> **INSTRUCTIONS FOR THE TASK**:
Beginning with the line that has "After listening to" and ending with the line that has "Caractéristiques physiques : jolie", retype the entries below exactly, except for the pictures.
**** GIVEN INFORMATION ****
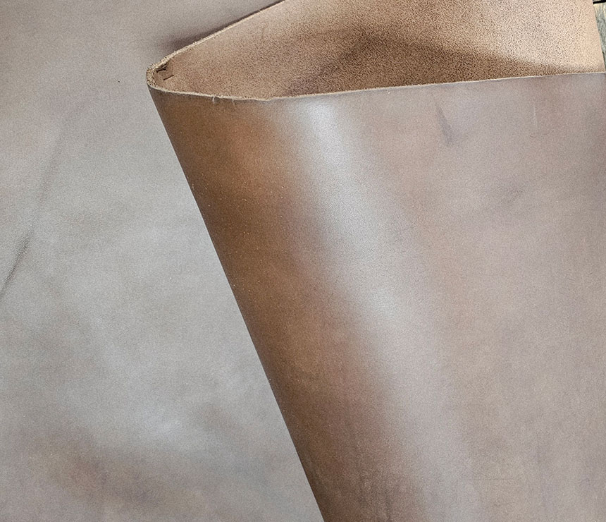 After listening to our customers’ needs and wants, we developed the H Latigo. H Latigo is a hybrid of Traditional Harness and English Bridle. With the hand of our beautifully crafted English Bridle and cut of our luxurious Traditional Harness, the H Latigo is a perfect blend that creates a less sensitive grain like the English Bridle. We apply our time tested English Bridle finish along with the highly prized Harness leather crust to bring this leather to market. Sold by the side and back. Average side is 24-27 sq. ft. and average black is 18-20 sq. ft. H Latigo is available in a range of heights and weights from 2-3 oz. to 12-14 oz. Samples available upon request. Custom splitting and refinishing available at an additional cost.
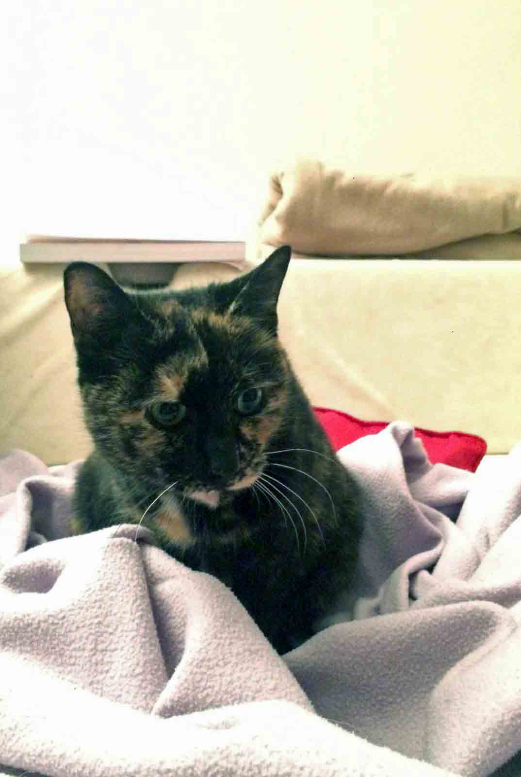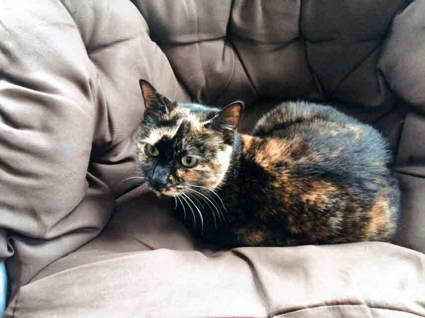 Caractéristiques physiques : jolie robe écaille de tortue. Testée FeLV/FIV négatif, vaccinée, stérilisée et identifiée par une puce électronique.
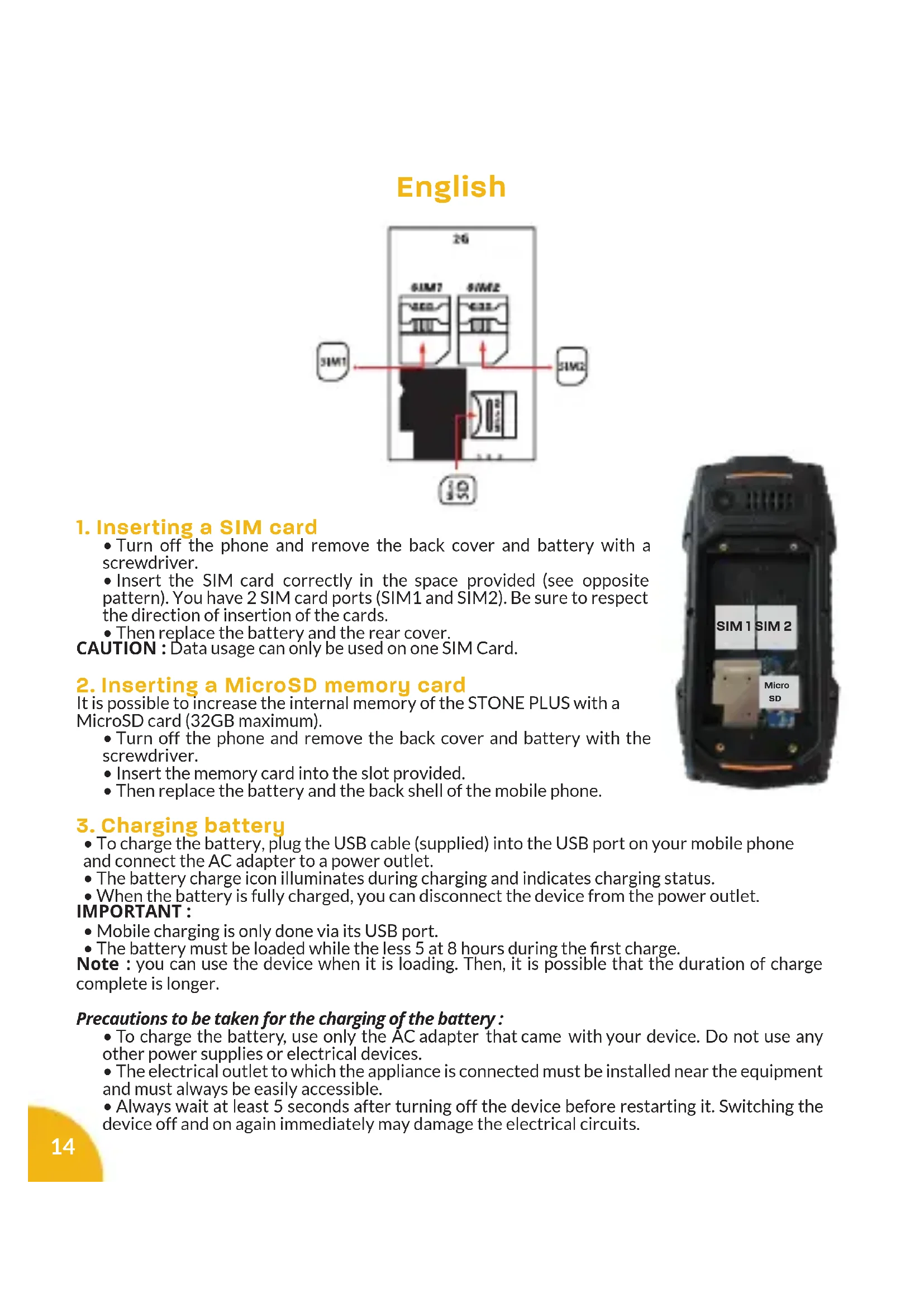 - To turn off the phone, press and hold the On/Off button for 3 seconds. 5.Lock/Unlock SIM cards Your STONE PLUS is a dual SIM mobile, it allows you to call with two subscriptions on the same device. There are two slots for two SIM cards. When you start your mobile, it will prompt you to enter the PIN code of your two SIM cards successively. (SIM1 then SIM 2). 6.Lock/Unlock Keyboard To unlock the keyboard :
****
**** GIVEN INFORMATION ****
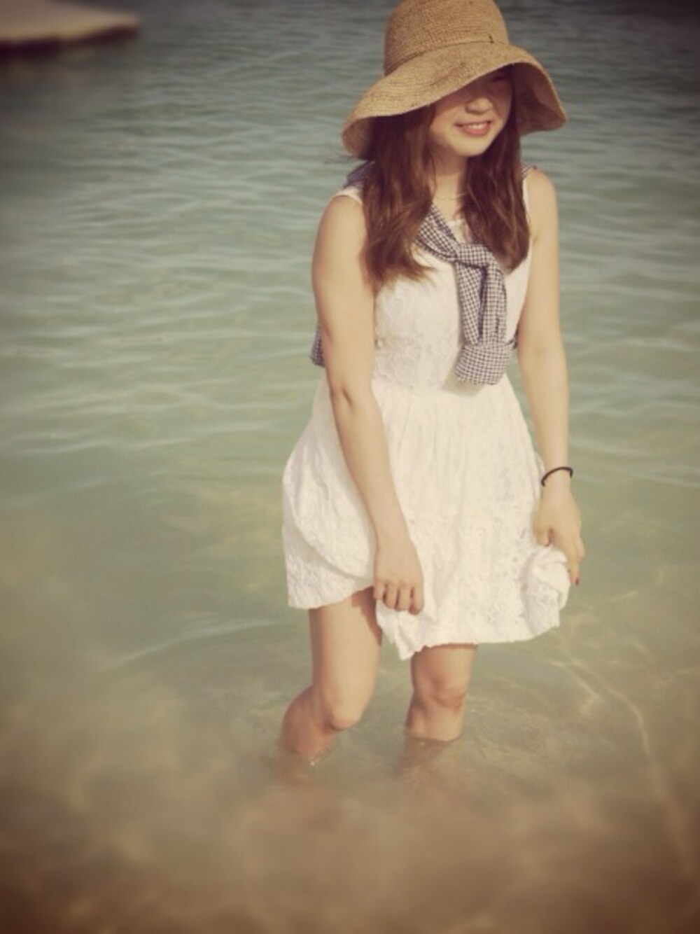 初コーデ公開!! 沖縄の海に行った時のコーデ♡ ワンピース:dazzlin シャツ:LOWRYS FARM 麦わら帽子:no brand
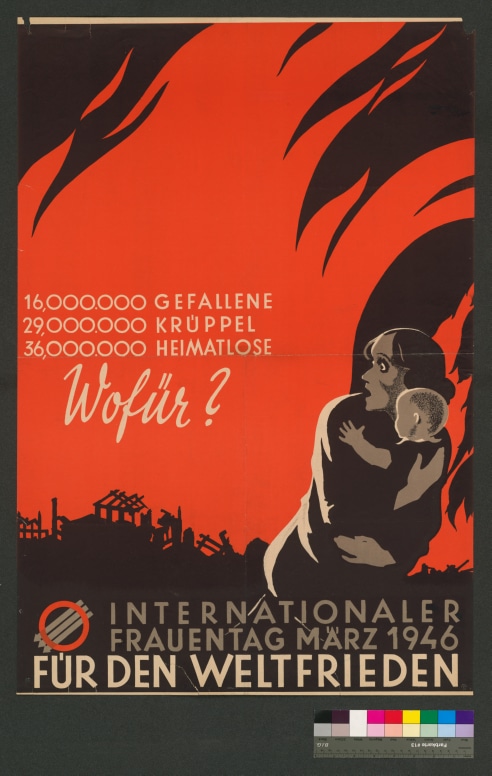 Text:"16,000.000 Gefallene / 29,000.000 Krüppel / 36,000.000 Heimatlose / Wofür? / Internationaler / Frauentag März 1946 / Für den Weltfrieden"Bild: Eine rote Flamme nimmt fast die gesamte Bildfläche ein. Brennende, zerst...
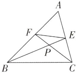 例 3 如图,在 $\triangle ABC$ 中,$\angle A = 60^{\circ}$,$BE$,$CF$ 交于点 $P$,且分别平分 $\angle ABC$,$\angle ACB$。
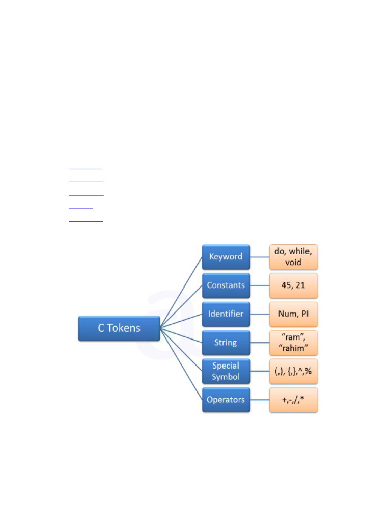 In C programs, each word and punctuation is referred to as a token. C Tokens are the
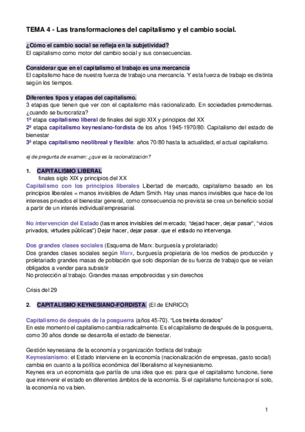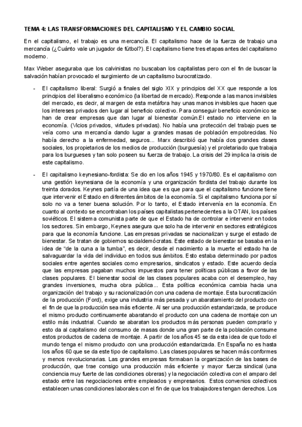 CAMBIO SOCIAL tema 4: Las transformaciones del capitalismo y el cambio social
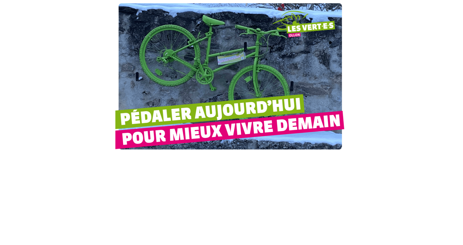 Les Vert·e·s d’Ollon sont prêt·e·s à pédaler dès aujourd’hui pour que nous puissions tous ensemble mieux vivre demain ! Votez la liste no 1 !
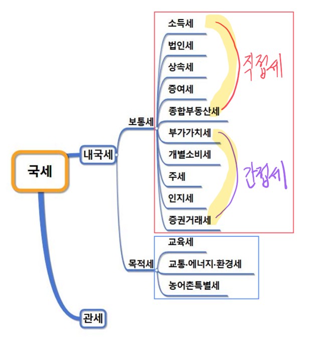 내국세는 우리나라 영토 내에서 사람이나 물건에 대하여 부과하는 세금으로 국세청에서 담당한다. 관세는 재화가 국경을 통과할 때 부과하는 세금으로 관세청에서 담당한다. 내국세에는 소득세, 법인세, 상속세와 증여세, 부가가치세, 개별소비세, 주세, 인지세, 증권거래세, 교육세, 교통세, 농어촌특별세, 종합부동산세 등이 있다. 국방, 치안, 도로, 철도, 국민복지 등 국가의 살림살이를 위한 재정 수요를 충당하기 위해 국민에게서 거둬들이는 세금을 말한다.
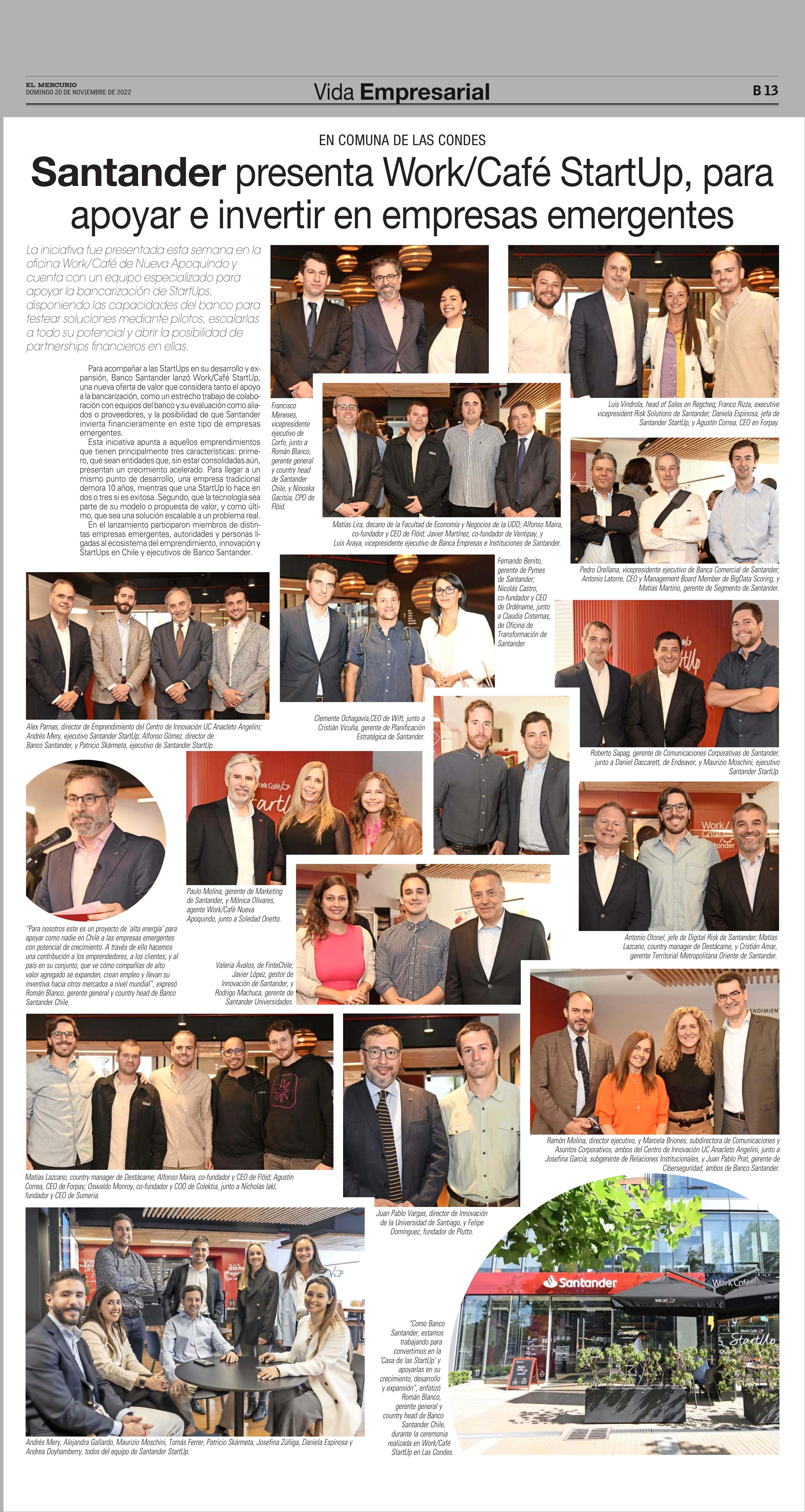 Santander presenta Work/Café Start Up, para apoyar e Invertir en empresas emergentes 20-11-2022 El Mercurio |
****
> **ANSWER AREA**:
 After listening to our customers’ needs and wants, we developed the H Latigo. H Latigo is a hybrid of Traditional Harness and English Bridle. With the hand of our beautifully crafted English Bridle and cut of our luxurious Traditional Harness, the H Latigo is a perfect blend that creates a less sensitive grain like the English Bridle. We apply our time tested English Bridle finish along with the highly prized Harness leather crust to bring this leather to market. Sold by the side and back. Average side is 24-27 sq. ft. and average black is 18-20 sq. ft. H Latigo is available in a range of heights and weights from 2-3 oz. to 12-14 oz. Samples available upon request. Custom splitting and refinishing available at an additional cost.
 Caractéristiques physiques : jolie robe écaille de tortue. Testée FeLV/FIV négatif, vaccinée, stérilisée et identifiée par une puce électronique.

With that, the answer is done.